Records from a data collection
============
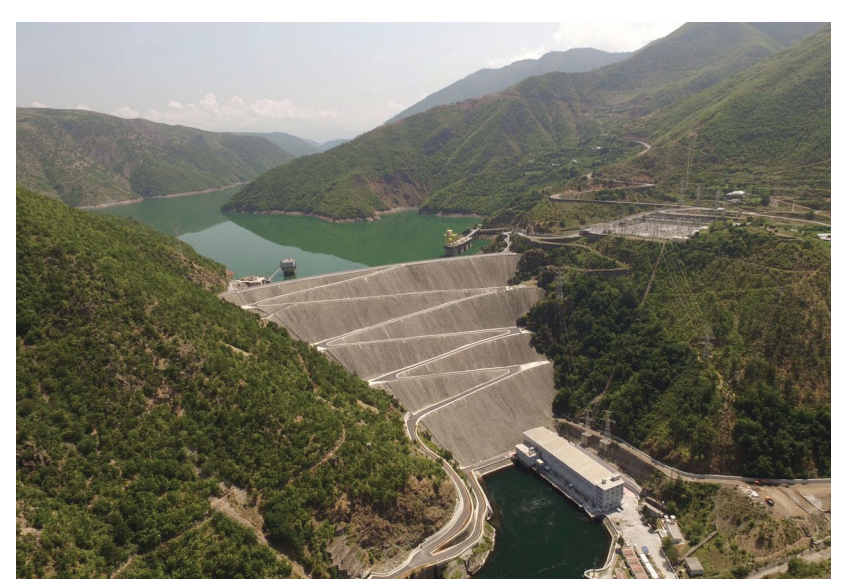
Fierza hydropower dam over river Drin, north Albania.

Recent energy sector reforms have been a great success. Albania ranked 25th among 127 countries in the 2017 Global Energy Architecture Performance Index Report, outperforming all other South-East European countries. Progress in the development of the gas sector and especially the construction of the Trans Adriatic Pipeline (TAP) are significant for economic growth and future energy diversification. The TAP is a strategic investment that connects Albania with European gas networks, thus fostering Albania's position as reliable partner in the European economy. However, energy supply is likely to remain at risk owing to a vulnerability to droughts, the slow diversification of energy resources and a weak financial performance. Low energy efficiency offers considerable potential for improvement.
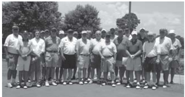
Golf outing at ECA's 2010 Annual Conference

This meeting will convene immediately following the adjournment of the E&O Conference.
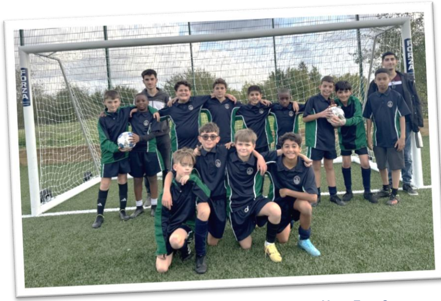
Year 7 vs Compton
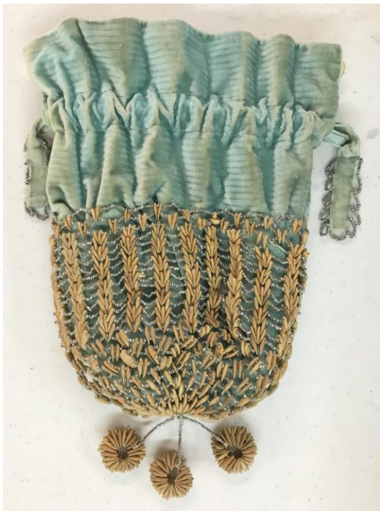
Circa 1870's Women's purse in FHS collection. All the brown things on the purse are actually

seeds sewn into the piece. Special preservation to avoid any moisture is important here.
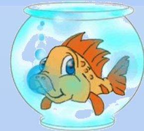
The fish/ swim
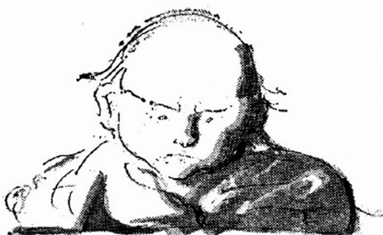
MARSH BY MARSH
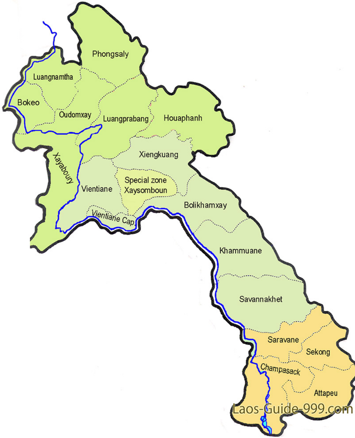
The map of Lao PDR
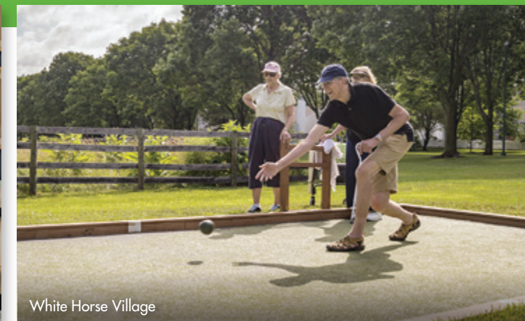
White Horse Village
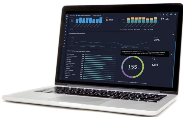
(Fig 3) Custom dashboards for provable ROI

Take advantage of direct collaboration with our skilled security analysts to help you make better response decisions and feel more secure with 24x7x365 monitoring, rapid investigation, continuous threat hunting, and two-person integrity on every action taken. (Fig 3)
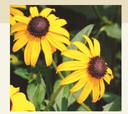
Maryland state flower Rudbeckia hirta, "Black-eyed Susan"

I consider myself a lucky person because I get to work with the people who appear before me to try to solve some of life's everyday problems in conjunction with all of the people who work in the family court. They include the Clerk of the Court's staff, the judges and their staff, the family services coordinator, the Department of Social Services, sheriff's department, the Department of Juvenile Services, and all other agencies connected to the court. Everywhere I have worked I have had the privilege of working with supercompetent, efficient people who make going to work a joy. I could not have survived without the support they have provided and continue to provide for me.
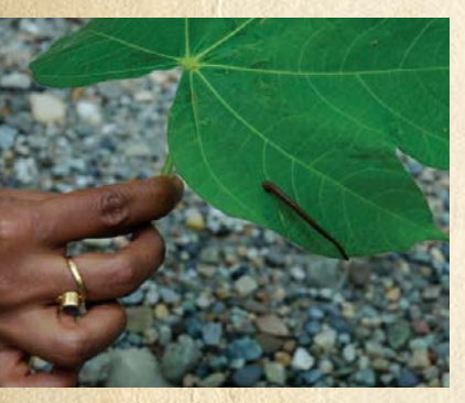
Top: Gita's research vehicle containing grassland samples from a day's work.

Middle: Montu, Shyamal, and Gita temporarily seek shelter from alarmingly close wildlife.
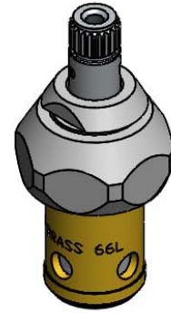
LTC Cold Cartridge
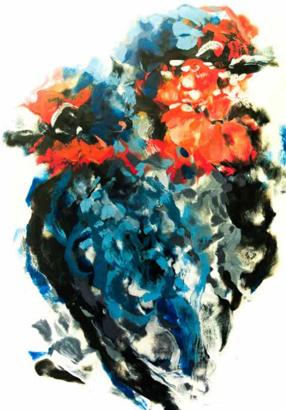
Swallow Couple , 2017 Encaustic wax on mdf, pine cradled 90 x 60 cm
============
→ WORK INSTRUCTION
Each line between the one holding "The fish/ swim" and the one holding "Maryland state flower", inclusive, should be copied exactly as it appears above, and pictures should be omitted.

→ TASK RESULT
The fish/ swim
MARSH BY MARSH
The map of Lao PDR
White Horse Village
(Fig 3) Custom dashboards for provable ROI

Take advantage of direct collaboration with our skilled security analysts to help you make better response decisions and feel more secure with 24x7x365 monitoring, rapid investigation, continuous threat hunting, and two-person integrity on every action taken. (Fig 3)
Maryland state flower Rudbeckia hirta, "Black-eyed Susan"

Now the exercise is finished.